Collected data entries:
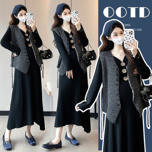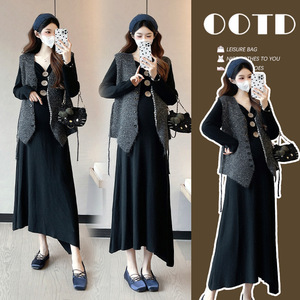 秋冬款小香风孕妇装马甲+连衣裙两件套气质孕妇套装
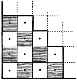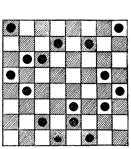 For the convenience of any ordinary person who may be playing with a blind opponent, the cardboard squares should be colored black with India ink.
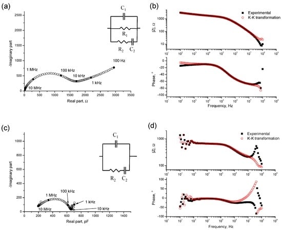 The measurements were validated using the Kramers–Kronig (K–K) [] (see Figure 1) and the differential impedance analysis was applied to them, in order to check the validity of equivalent circuit used [,,]. The impedance spectra were fitted to the equivalent circuits proposed by Cabeza et al. [] (see Figure 1), which included two time constants and have been used for different types of materials [,,]. The fitting of the measured data to the equivalent circuits has been made using a Simplex optimization method []. The impedance parameters R2, C1 and C2 are present in both contacting and non-contacting methods. Here, only the values of these parameters obtained with non-contacting method have been studied, due to its higher accuracy.
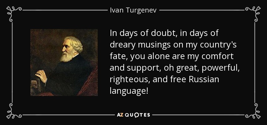 In days of doubt, in days of dreary musings on my country's fate, you alone are my comfort and support, oh great, powerful, righteous, and free Russian language!
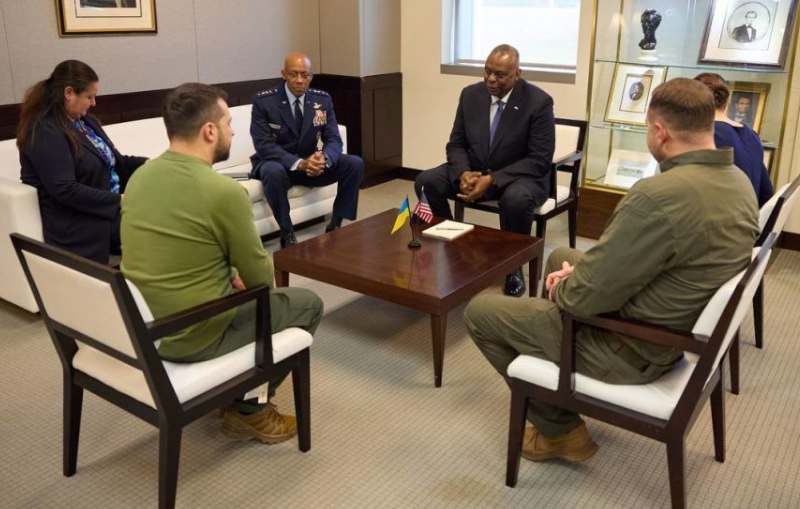 Президент України Володимир Зеленський здійснив важливу зустріч з міністром оборони США Ллойдом Остіном та головою Об’єднаного комітету начальників штабів генералом Чарльзом Брауном в Національному університеті оборони США. Обговорення стосувалося ряду ключових питань, що включають розвиток ситуації на фронті та майбутню співпрацю між Україною та Сполученими Штатами в галузі оборони.
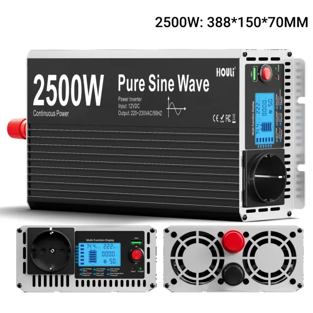 Čisti sinusni inverter, LCD zaslon, daljinski upravljalnik, 2500W, 24V, 220-230V 50hz
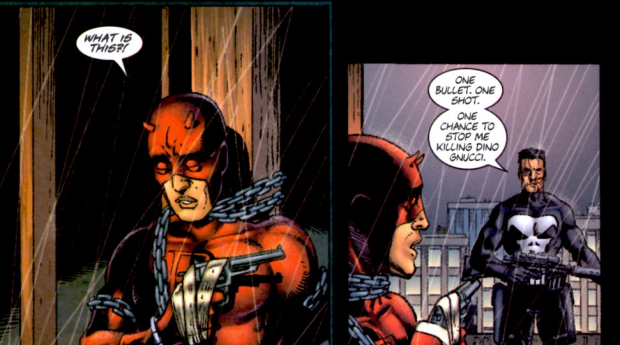 Welcome Back, Frank: Tras años en declive, Garth Ennis y Steve Dillon cogieron las riendas del personaje tras finalizar su histórica etapa en 'Predicador', desmontándolo de la cabeza a los pies con esta saga pasada de rosca y llena de excesos, en la que tan pronto veías encontrábamos escenas tan gloriosamente chanantes como Castle tumbando a un oso polar de una hostia o la introducción de El Ruso, que a Punisher y Daredevil volviéndose a ver las caras en un enfrentamiento crucial para la segunda temporada del personaje. Aquella saga de 12 números solo fue el comienzo, no tardando en verse continuada con las sagas como 'Frank', 'La Conjura de los Necios' o 'El Retorno de Ma Gucci'.
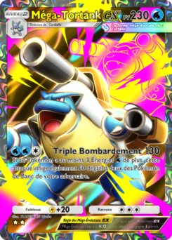 Méga-Tortank-ex est une carte Pokémon-ex Méga-Évolution de l'extension Embrasement Écarlate, à l'effigie du Pokémon Méga-Tortank. Elle doit être posée sur un Carabaffe pour pouvoir être jouée.
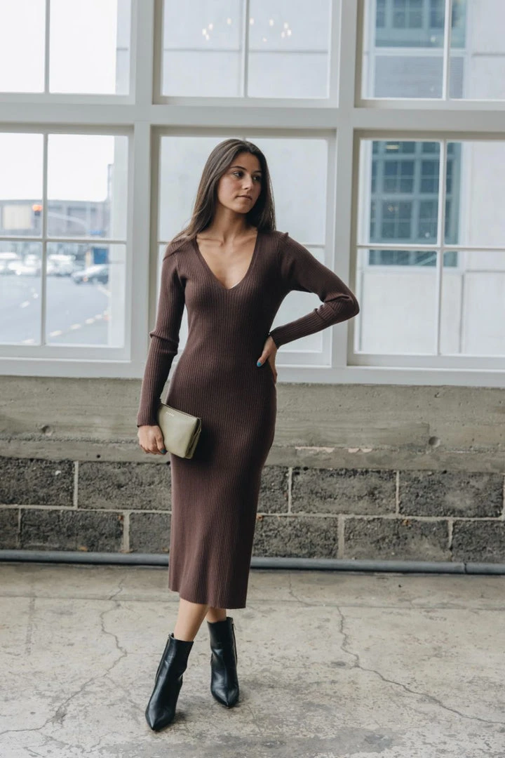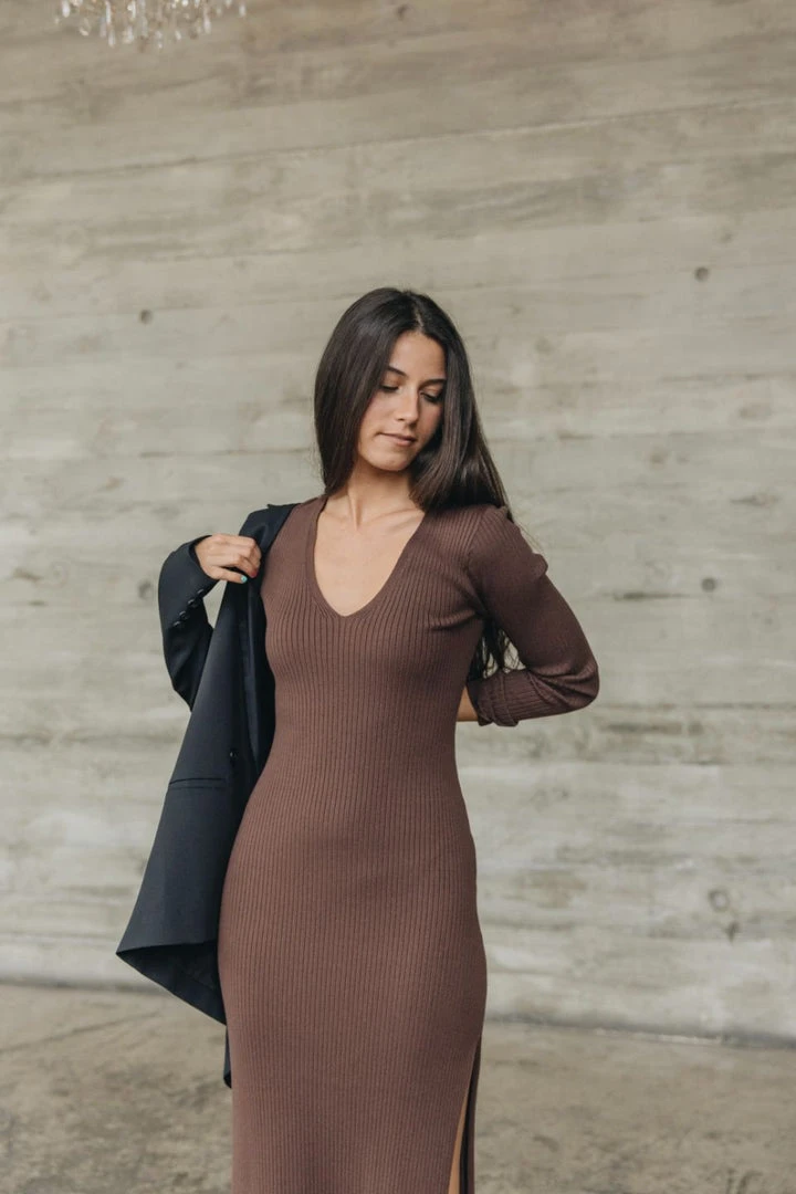 An easy and stylish throw-on-and-go dress, the Skillful Midi Dress is a wardrobe staple. Made from a soft, rib-knit fabric, this stunning dress features long sleeves, a V-neckline, and side splits and is easily dressed up or down.
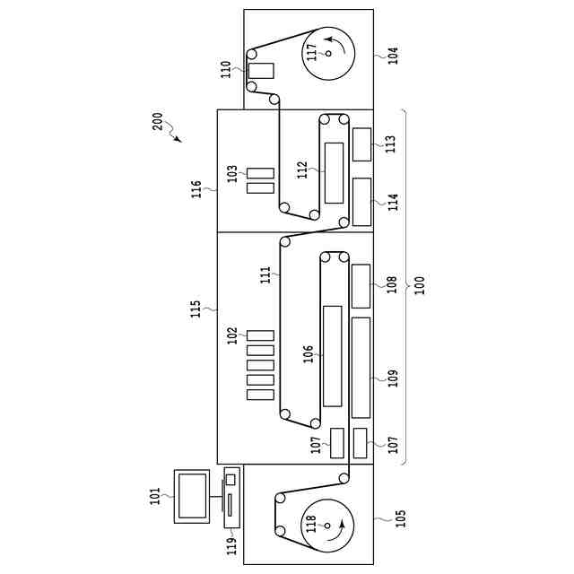 図1は、本開示の第1の実施形態に係る画像形成システム200の構成例を示す図である。画像形成システム200は、連続した画像形成が可能なロール状の記録媒体である連続紙(以下、ロール紙111という)に画像を形成する。画像形成システム200は、別館116及び本館115を有する画像形成装置100と、給紙装置104と、排紙装置105と、UI操作パネル101と、制御用PC119とを有する。別館116は、前刷り印刷として特色印刷を行う。特色印刷では、例えば、印刷データに含まれる白データの印刷が行われる。本館115は、追い刷り印刷として基本カラー印刷を行う。基本カラー印刷では、例えば、印刷データに含まれる基本カラーデータ(シアン(C)、マゼンタ(M)、イエロー(Y)、ブラック(K))の印刷が行われる。すなわち、画像形成装置100は、前刷り及び追い刷り印刷を行うデジタル印刷機であるともいえる。
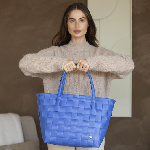 The Paris shopper is a practical carrier bag in a handy size. This hand-braided shopper makes plastic bags unnecessary! It offers enough room for your daily groceries or for a day to the beach. Hand-woven and made with recycled plastic.
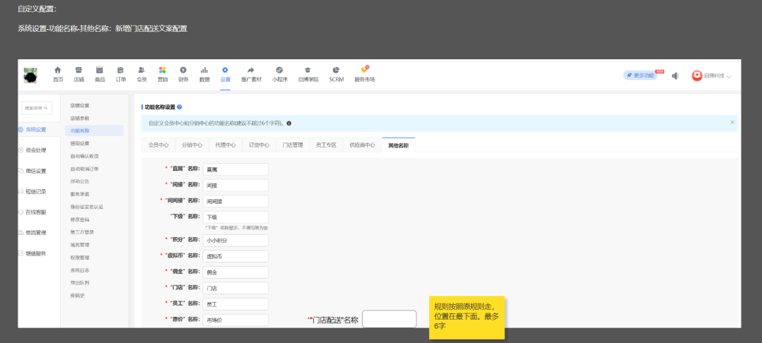 后臺自定義配置位置:系統設置-功能名稱-其他名稱:新增門店配送文案配置。
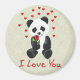 This adorable little Panda Bear holds a red rose and has tiny red hearts floating behind it. Text says: "I Love You." Great Valentine for young, old, big and small alike. Get one for yourself too.

WORK INSTRUCTION =>
Could the lines from the first entry through the line that contains "In days of doubt, in" be copied exactly, with all pictures left out?

TASK RESULT =>
 秋冬款小香风孕妇装马甲+连衣裙两件套气质孕妇套装
 For the convenience of any ordinary person who may be playing with a blind opponent, the cardboard squares should be colored black with India ink.
 The measurements were validated using the Kramers–Kronig (K–K) [] (see Figure 1) and the differential impedance analysis was applied to them, in order to check the validity of equivalent circuit used [,,]. The impedance spectra were fitted to the equivalent circuits proposed by Cabeza et al. [] (see Figure 1), which included two time constants and have been used for different types of materials [,,]. The fitting of the measured data to the equivalent circuits has been made using a Simplex optimization method []. The impedance parameters R2, C1 and C2 are present in both contacting and non-contacting methods. Here, only the values of these parameters obtained with non-contacting method have been studied, due to its higher accuracy.
 In days of doubt, in days of dreary musings on my country's fate, you alone are my comfort and support, oh great, powerful, righteous, and free Russian language!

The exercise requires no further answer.